## Hashing trick

Instead of building a hash table of the features encountered in training, as the vectorizers do, instances of FeatureHasher apply a hash function to the features to determine their column index in sample matrices directly. The result is increased speed and reduced memory usage, at the expense of inspectability; the hasher does not remember what the input features looked like and has no inverse_transform method.

* https://scikit-learn.org/stable/modules/generated/sklearn.feature_extraction.FeatureHasher.html
* https://scikit-learn.org/stable/modules/feature_extraction.html#feature-hashing

In [35]:
from sklearn.feature_extraction import FeatureHasher

text = ["A bird in hand is worth two in the bush.",
        "Good things come to those who wait.",
        "These watches cost $1500! ",
        "These are other fish in the sea.",
        "The ball is in your court.",
        "Mr.
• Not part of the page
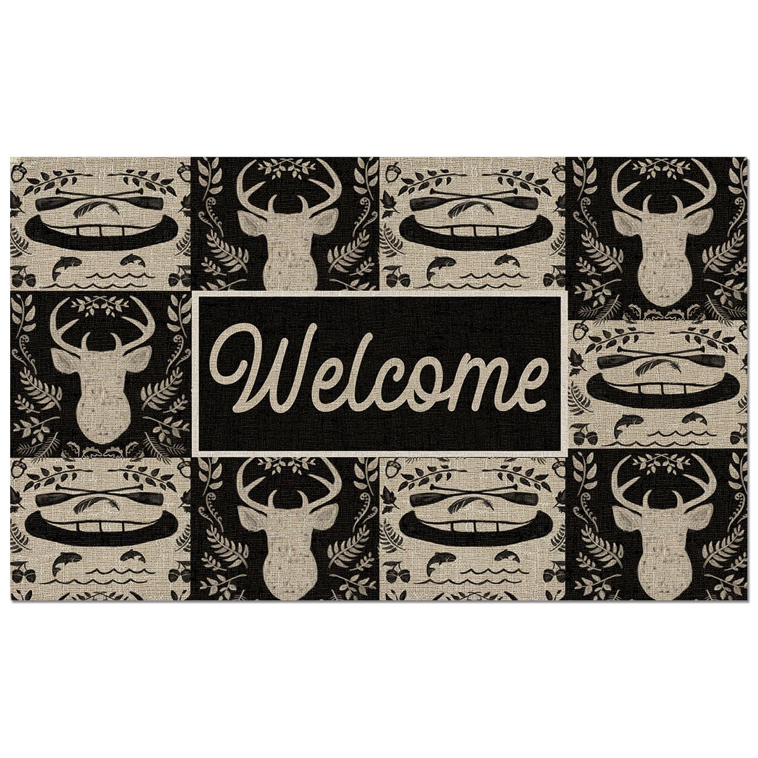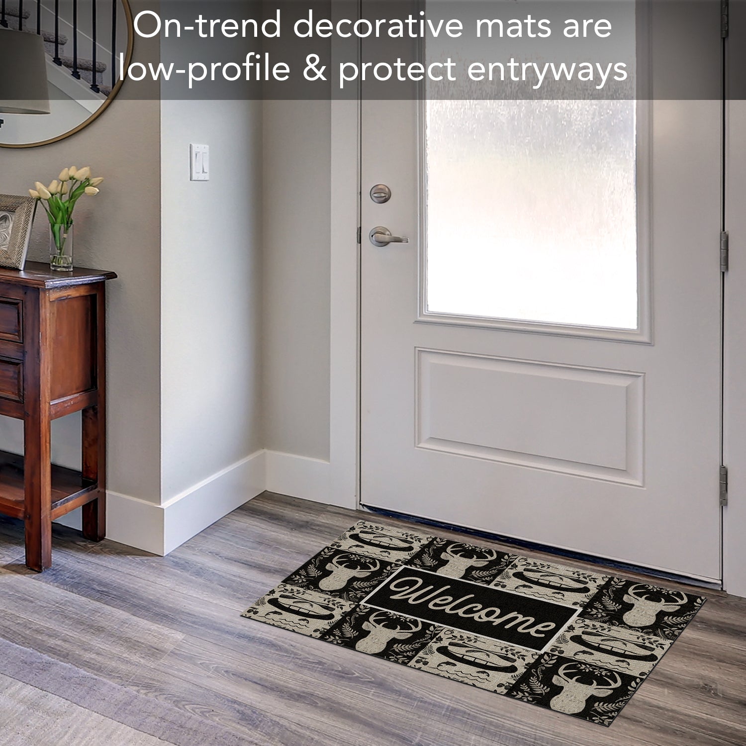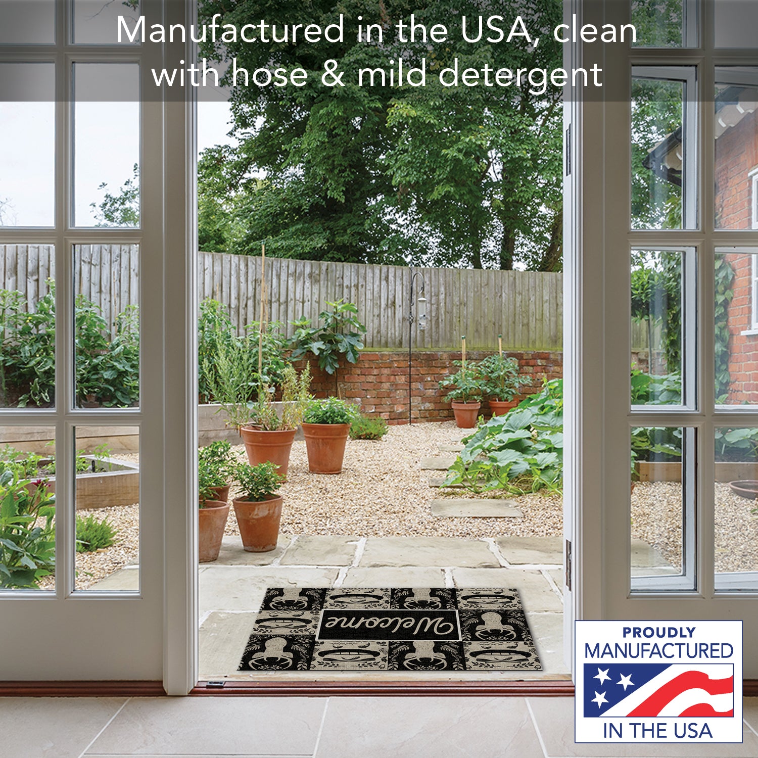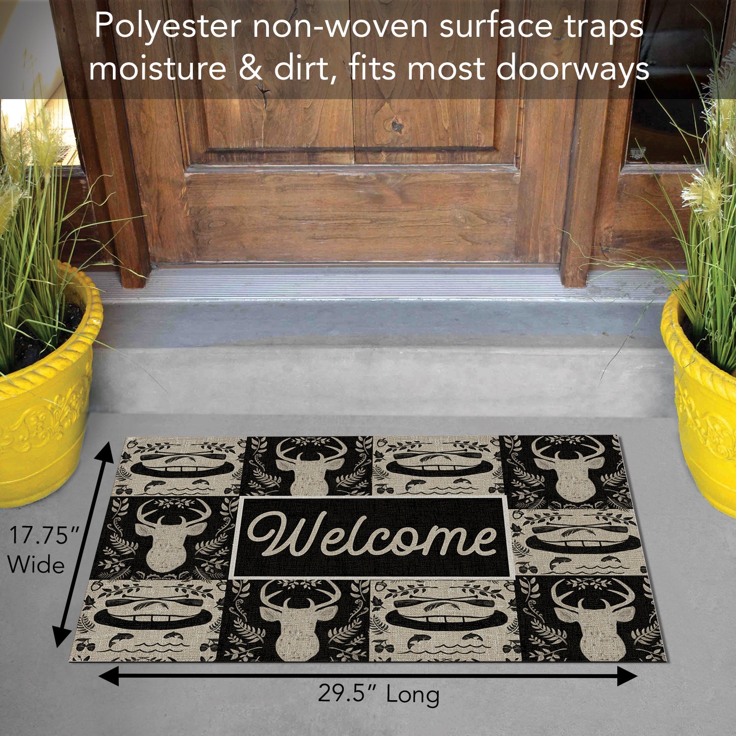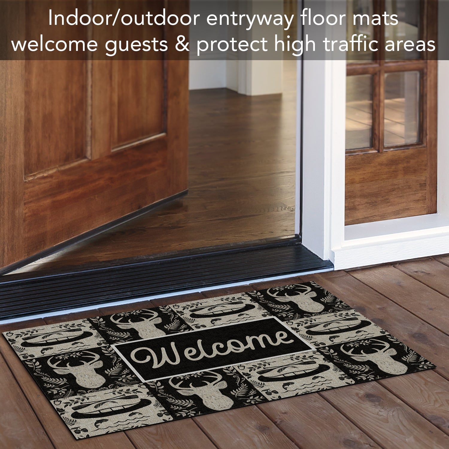 INDOOR/OUTDOOR- Entryway Floor Mat is perfect to welcome guests at the front door as well as protecting high traffic areas inside your home. Constructed of a non-woven polyester blend and rubber backing. Material holds color and vibrancy longer than usual mats.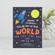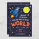 Celebrate your little one's birthday in style with this space-themed birthday invitation! Featuring a rocket ship surrounded by stars and the moon, it's easy to customise the details with information for your own astronaut's party. Add your little one's picture to the back inside a spacesuit for a truly out of this world invitation!

Smith Goes to Washington ",
        "Doogie Howser M.D."]

hasher = FeatureHasher(n_features=8, input_type='string')
hashed_features = hasher.fit_transform(text)

hashed_features.shape

(7, 8)

In [36]:
hashed_features.toarray()

array([[ 10.,   0.,   1.,   1.,  -3., -11.,   1.,  -1.],
       [  6.,  -2.,   0.,   3.,   0.,  -6.,   0.,   0.],
       [  4.,  -5.,   1.,  -1.,   2.,  -3.,   0.,   0.],
       [  6.,   2.,   2.,   0.,  -1.,  -8.,   0.,   3.],
       [  7.,   1.,   1.,   1.,   1.,  -6.,   1.,   0.],
       [  4.,   2.,   1.,   0.,  -2.,  -5.,   0.,  -1.],
       [  2.,   1.,   0.,   3.,   0.,  -3.,   2.,   1.]])

In [42]:
hasher = FeatureHasher(n_features=16, input_type='string')
hashed_features = hasher.fit_transform(text)

hashed_features.shape

(7, 16)

In [43]:
hashed_features.toarray()

array([[ 1.,  0.,  1.,  1., -3., -4.,  0.,  1.,  9.,  0.,  0.,  0.,  0.,
        -7.,  1., -2.],
       [ 0., -3.,  1.,  3., -1., -2.,  0.,  2.,  6.,  1., -1.,  0.,  1.,
        -4.,  0., -2.],
       [ 0., -5.,  1., -1.,  2.,  1.,  0.,  3.,  4.,  0.,  0.,  0.,  0.,
        -4.,  0., -3.],
       [ 0.,  2.,  2., -1., -1., -2.,  0.,  6.,  6.,  0.,  0.,  1.,  0.,
        -6.,  0., -3.],
       [ 2.,  1.,  1.,  1., -1., -2.,  1.,  1.,  5.,  0.,  0.,  0.,  2.,
        -4.,  0., -1.],
       [-1.,  1.,  1.,  0., -2., -2.,  0.,  1.,  5.,  1.,  0.,  0.,  0.,
        -3.,  0., -2.],
       [ 0.,  0.,  0.,  3.,  0., -1.,  2.,  2.,  2.,  1.,  0.,  0.,  0.,
        -2.,  0., -1.]])

In [44]:
hasher.inverse_transform(hashed_features)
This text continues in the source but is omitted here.